The new flexible wearable device mimics the brain to analyze health data
A research team at the University of Chicago has developed a stretchy, flexible wearable device that records health data and processes it in a similar way to the functioning of the human brain. The market today offers a variety of wearable fitness bands and other health devices.
Despite this, most cannot analyze the patient's baseline measurements or spot signals of disease in a complex manner. The potential of artificial intelligence in this regard can be utilized to fill in the chasm between these two worlds. It is possible to detect patterns in complex data sets by using machine learning techniques.

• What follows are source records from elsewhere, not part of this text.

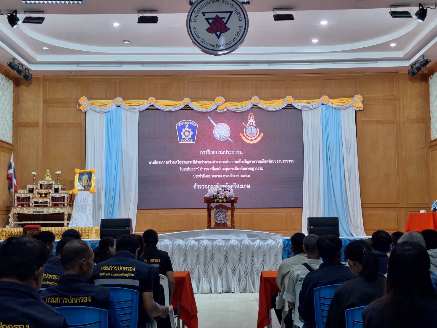 วันที่ 12 ก.พ. 2569 เวลา 08.30 น. พ.ต.อ.ภูฤทธิ์ เหล่าฤทธิ์ ผกก.สภ.ศรีรัตนะ นำข้าราชการตำรวจชุด ชมส. และภาคีเครือข่ายฯ สภ.ศรีรัตนะ จำนวน 50 คน เข้าร่วมฝึกอบรมโครงการสร้างเครือข่ายการมีส่วนร่วมของประชาชนในการแก้ไขปัญหาความเดือดร้อนของประชาชน ในระดับสถานีตำรวจ เพื่อสนับสนุนการป้องกันอาชญากรรม ของ ตำรวจภูธรจังหวัดศรีสะเกษ ประจำปีงบประมาณ พ.ศ. 2569 โดยมี พ.ต.อ.รัชพล เสริมศรัณย์ รอง ผบก.ภ.จว.ศรีสะเกษ เป็นประธานพิธีเปิดการฝึกอบรมฯ ณ หอประชุมโรงเรียนอนุบาลดำรงราชานุสรณ์ อ.กันทรลักษ์ จว.ศรีสะเกษ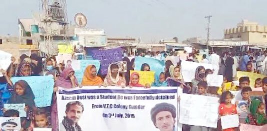 پاکستان کے وزیراعظم شہباز شریف کی بلوچستان کے ساحلی شہرگوادر آمد کے موقع پر لاپتہ عظیم دوست کے اہلخانہ سمیت دیگر لواحقین کی جانب سے احتجاجی مظاہرہ کیا گیا اور ریلی نکالی گئی۔ احتجاجی ریلی کے شرکا کی جانب سے جبری گمشدگیوں کے سلسلے کو بند کرنے کا اور عظیم دوست سمیت تمام جبری لاپتہ … وزیر اعظم پاکستان کا دورہ گوادر، لاپتہ افراد کی بازیابی کیلئے احتجاجی ریلی پڑھنا جاری رکھیں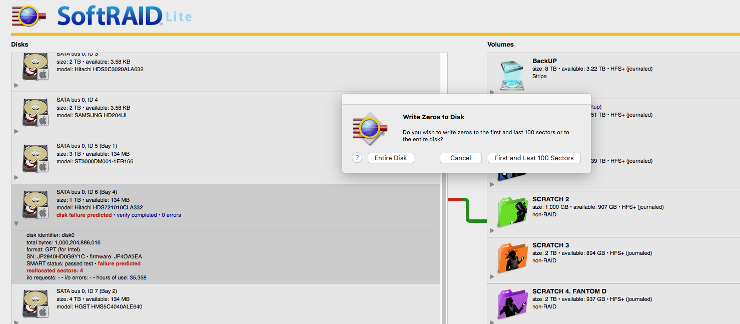 Last post on this was March 2016. Hopefully I get an answer. But I just bought SoftRAID for my Mid 2010 Mac Pro running El Capitan, four internal SATA, and an external JBOD SansDigital RAID box with Sonnetch Tempos Duo. I'm curious about using the SoftRAID Write Zeros to first and last Sectors function. I see many saying it is a waste of time. I'm a video editor so backup is very important. I've been replacing drives the past month and I will replace these with the bad sectors since SoftRAID is recommending they be removed but I'm still curious about the Zeros to Disk function and if SoftRAID has a good reputation as software that is good at repairing drives vs. the Mac Disk Utility. Also, if I engage the Zeros to Disk function will it totally erase the drive or just write to those sectors leaving all my other data alone? On a side note, knocking on wood, these Hitachi, and Samsung, internal drives have served me well. And well past the average 3 year life span of drives. Serious work horses.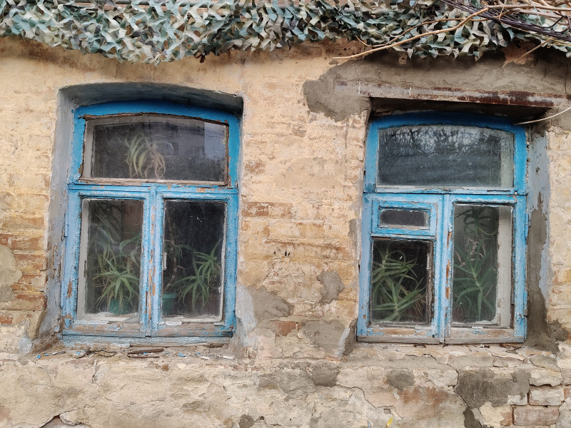 Этот дом практически сгорел, половина его не имеет крыши, но алоэ на подоконнике упорно продолжают расти. Видимо, в этом закуточке дома ещё теплится жизнь:

The information that is sent from a device to a centralized AI location is however inefficient and energy consuming, so it is not desirable to send it there. The new study aimed to develop a chip that collects data from multiple biosensors and also uses artificial intelligence to conclude a person's health. A smartwatch always leaves a gap.
"We wanted something that could achieve very intimate contact and accommodate skin movement," explained Sihong Wang, an Assistant Professor of Molecular Engineering. The study published in Matter was also co-authored by Wang. In addition to being flexible and stretchy, polymers can also be used to make semiconductors and electrochemical transistors.
The polymers were incorporated into a device that was able to be used by artificial intelligence as a means of processing the data. Known as neuromorphic computing. The chip operates less like a computer than it does like the brain of a human. As a result of this, it can store and analyze information in an integrated manner, which makes it very effective.
As part of the research, researchers have also tested the effectiveness of the device in terms of analyzing electrocardiogram data, which is the electrical activity of the heart. A device was trained to form four categories out of the data and it was found to be able to accurately determine whether a chip was bent or not once the device was trained to classify the data.